As a value investor, I’m all in on Walgreens before the 19th of May. While the bears on Wall Street have been hammering the company down to new lows, keep in mind that Walgreens has been growing earnings at an impressive rate, and has a very low payout rate, meaning that it is reinvesting heavily in its business, which is what astute investors want to see in a stock. Zoom Video Communications and Teladoc Health are examples of companies who have flourished from the onset due to the effects COVID-19 have had on our life as we once knew it. Walgreens, on the other hand, will slowly see growth in numbers as more and more Americans return back to work and are asked to be tested for the virus. And when a vaccine becomes approved and available on the market, I see Walgreens stock knocking it out of the park. And we’re not talking about the flu shot…people are going to be racing to their local pharmacy to get vaccinated. By this time, huge efforts in cost cutting that Walgreens had been making will have been strategically reinvested wisely to greet this influx of foot traffic and profit off of it. It may take you two to three years to see nice gains on an investment in Walgreens stock, but for those who have patience, well dang ain’t those prices looking real good right about now.

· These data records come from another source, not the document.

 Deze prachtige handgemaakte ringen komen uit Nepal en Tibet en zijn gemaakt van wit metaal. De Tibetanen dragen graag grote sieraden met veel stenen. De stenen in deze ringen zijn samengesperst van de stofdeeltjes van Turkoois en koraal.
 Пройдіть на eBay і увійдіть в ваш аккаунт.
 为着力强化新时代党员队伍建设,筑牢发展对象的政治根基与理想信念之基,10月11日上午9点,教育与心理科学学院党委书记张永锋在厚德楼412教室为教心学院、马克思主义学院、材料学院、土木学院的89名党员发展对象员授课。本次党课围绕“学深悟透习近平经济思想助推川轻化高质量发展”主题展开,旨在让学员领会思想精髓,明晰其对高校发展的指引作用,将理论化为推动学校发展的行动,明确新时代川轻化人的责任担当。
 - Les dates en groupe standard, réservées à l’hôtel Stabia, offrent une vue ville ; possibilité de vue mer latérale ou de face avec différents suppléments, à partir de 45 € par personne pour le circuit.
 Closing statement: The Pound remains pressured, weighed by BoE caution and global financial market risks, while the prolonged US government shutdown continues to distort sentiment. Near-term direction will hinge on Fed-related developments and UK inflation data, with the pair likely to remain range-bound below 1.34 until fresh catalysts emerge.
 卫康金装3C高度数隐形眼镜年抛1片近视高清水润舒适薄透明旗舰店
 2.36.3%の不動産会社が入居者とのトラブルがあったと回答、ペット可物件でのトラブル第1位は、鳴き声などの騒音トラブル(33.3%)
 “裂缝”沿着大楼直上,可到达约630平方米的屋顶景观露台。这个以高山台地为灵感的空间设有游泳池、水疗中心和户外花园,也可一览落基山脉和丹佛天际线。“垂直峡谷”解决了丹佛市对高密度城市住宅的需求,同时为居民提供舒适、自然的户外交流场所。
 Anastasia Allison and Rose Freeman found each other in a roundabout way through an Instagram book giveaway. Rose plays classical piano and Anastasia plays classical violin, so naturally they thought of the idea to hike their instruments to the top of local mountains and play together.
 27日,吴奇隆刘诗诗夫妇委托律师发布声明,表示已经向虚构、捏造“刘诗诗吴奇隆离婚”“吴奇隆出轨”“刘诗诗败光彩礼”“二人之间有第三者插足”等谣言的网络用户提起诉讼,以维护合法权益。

Disclaimer : This material should not be considered investment advice. After Further Review…The Stock is Reversed or Bob Schless are not registered investment advisors. Under no circumstances should any content from this blog, website, articles, videos, seminars or emails from After Further Review…The Stock is Reversed or Bob Schless should be used or interpreted as a recommendation to buy or sell any type of security or commodity contract. This material is not a solicitation for a trading approach to financial markets. Any investment decisions must in all cases be made by the reader or by his or her registered investment advisor. This information is for speculative purposes only.